On se retrouve aujourd'hui avec l'un de mes couples hétéro préférés. Dans ce texte, l'histoire se déroule dix ans après les évènements actuels du manga. Les personnages ont donc un peu évolué et mûri. J'ai essayé de leur donner une évolution qui me paraissait cohérente en tout cas.

Je vous souhaite une bonne lecture !


Jour 5 : Jardinage

Ochaco & Katsuki

La journée avait été épuisante. Tout simplement éreintante même. Un groupe de vilains avait mené une attaque en plein centre-ville, faisant s'effondrer plusieurs bâtiments. Ils s'en étaient pris, ensuite, au centre commercial, augmentant ainsi le nombre de victimes, avant l'arrivée des héros. Ochaco avait été l'une des premières sur place. Elle avait directement compris que les vilains étaient extrêmement dangereux. Cela faisait un moment qu'il n'y avait pas eu une telle attaque dans la ville. Heureusement, les héros s'étaient coordonnés et avaient réussi à les arrêter. Mais Ochaco avait tout de suite su que le plus éprouvant était à venir. Une fois le dernier méchant menotté, elle était allée prêter main forte à l'équipe de secours. Grâce à son alter, elle était parvenue à sauver plusieurs personnes des décombres. Mais ces sauvetages n'effaçaient pas le nombre de morts qu'il y avait eu. Sans parler de ces cris... Les gens n'avaient pas arrêté de crier. De peur, de désespoir. Et Ochaco ne parvenait pas à les oublier.

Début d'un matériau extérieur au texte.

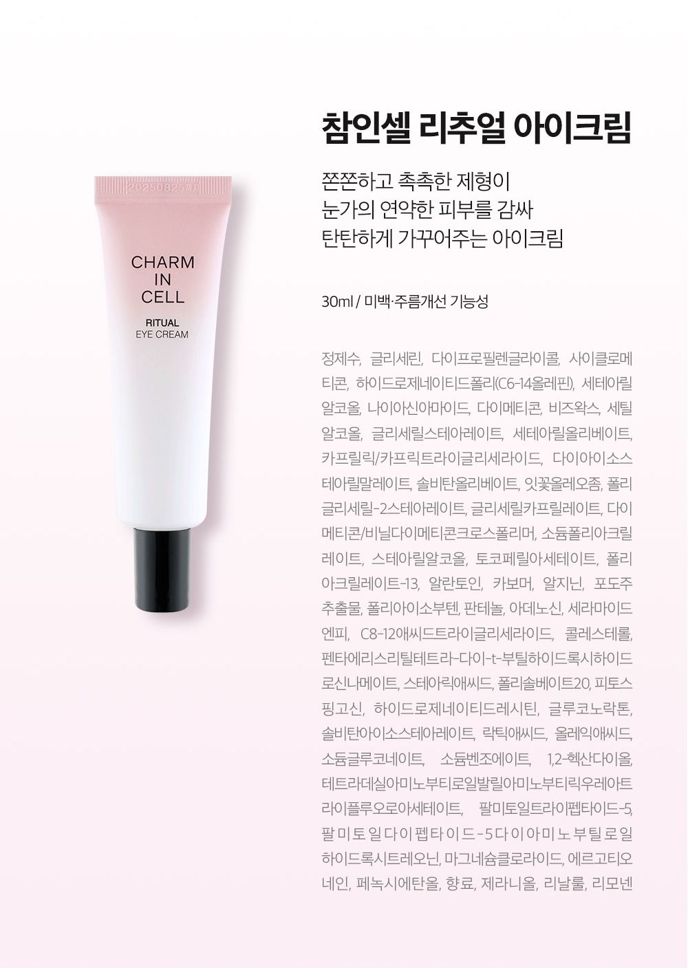 Charmzone Chamincell Ritual Eye Cream is a premium eye care treatment from Charmzone’s advanced Chamincell line. This intensive formula targets all major eye area concerns including fine lines, wrinkles, dark circles, and puffiness. Featuring Charmzone’s proprietary L-Procera and Toco-Vita C complexes, this eye cream delivers visible results for a more youthful, refreshed eye area.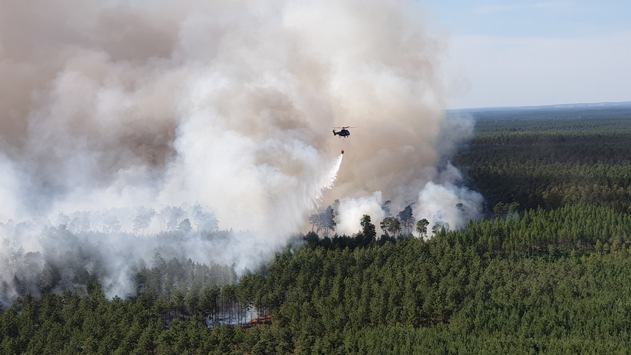 Brandenburg / Lieberoser Heide (ots) – Der Brandherd in der Lieberoser Heide hat sich seit gestern von 5 Hektar auf 100 Hektar erweitert. Aus diesem Grund setzt die Bundespolizei ab heute neben dem mittleren Transporthubschrauber "Super Puma" … Lesen Sie hier weiter…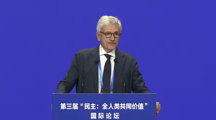由中共中央宣传部、国务院新闻办公室主办的第三届“民主:全人类共同价值”国际论坛20日在北京举行。马西莫·达莱马在论坛开幕式上的主题发言中作出上述表态。他表示,西方世界中的许多人认为,民主是属于西方的价值观,民主因此成为西方与世界其他地区对立时借以挥舞的一面旗帜;还有些人希望“民主与专制”的区别成为新的柏林墙,掀起新的冷战、新的两极对立,从而扼杀所有国际合作。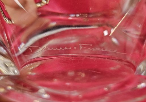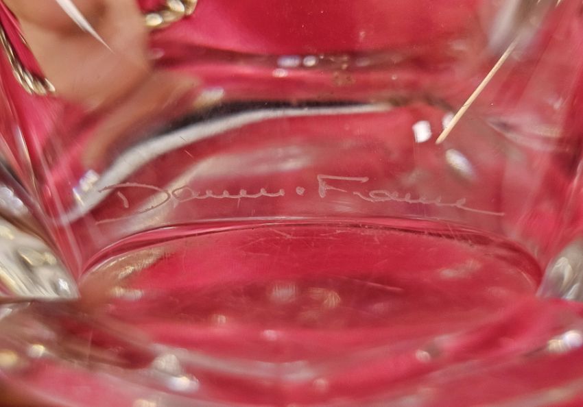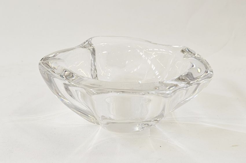 Daum clear glass bowl, irregular shaped and panelled, etched Daum, France to the side, 16.5cm wide x 6.5cm high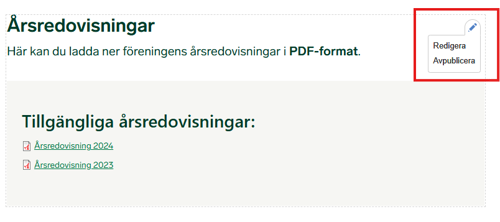 För att kunna lägga till, ta bort eller uppdatera innehåll på föreningens webbplats måste du LOGGA IN som redaktör. Endast inloggade användare kan göra förändringar. Inloggningspuffen ser ut så här: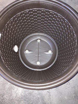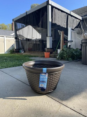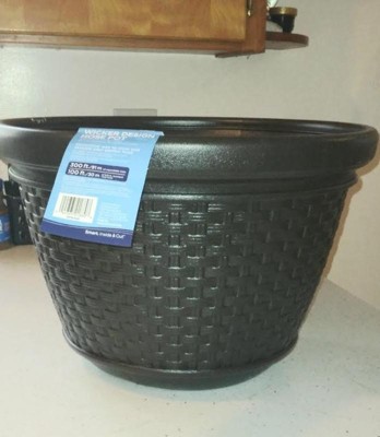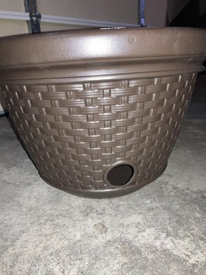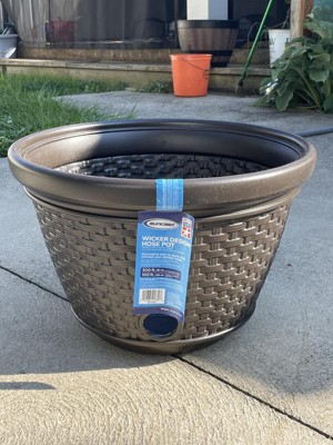 Suncast 100 ft. Wicker Hose Pot, Decorative Storage w/ 4 Drain Holes, Java

La nuit était tombée à présent et, après avoir fait ses rapports à la police, elle rentrait enfin chez elle. Elle devait s'estimer heureuse de pouvoir le faire. Sa maison était toujours solidement ancrée sur le sol, elle était en vie et elle n'avait perdu aucune personne qui lui était chère. Elle essayait de rester positive, mais cette mission lui avait bien miné le moral. C'était pourtant quelque chose que les héros devaient apprendre à faire : réussir à mettre une barrière entre eux et les évènements qu'ils voyaient. Ils faisaient de leur mieux pour venir en aide à tout le monde, mais ils ne pouvaient pas ramener leur souffrance avec eux. Sinon, ils s'effondreraient. Mais tout ça, c'était de la théorie. Dans la pratique, c'était beaucoup plus difficile à faire...

Enfin arrivée devant chez elle, Ochaco gara la voiture et jeta un coup d'oeil au tableau de bord. Il était vingt-trois heures passées. Mince, elle espérait que Katsuki ne s'était pas trop inquiété. Trop touchée par ce qu'elle avait vu, elle n'avait même pas songé à le prévenir par message. Quelle idiote elle faisait ! Il était plus que probable qu'il ait entendu parler de l'incident en plus. Les médias s'étaient sûrement exprimés sur le sujet. Ochaco espérait quand même que ces derniers n'avaient pas diffusé d'images trop violentes. Elle restait persuadée que la population n'avait pas toujours besoin de tout voir, encore moins en direct. Mais elle n'avait aucune emprise là-dessus...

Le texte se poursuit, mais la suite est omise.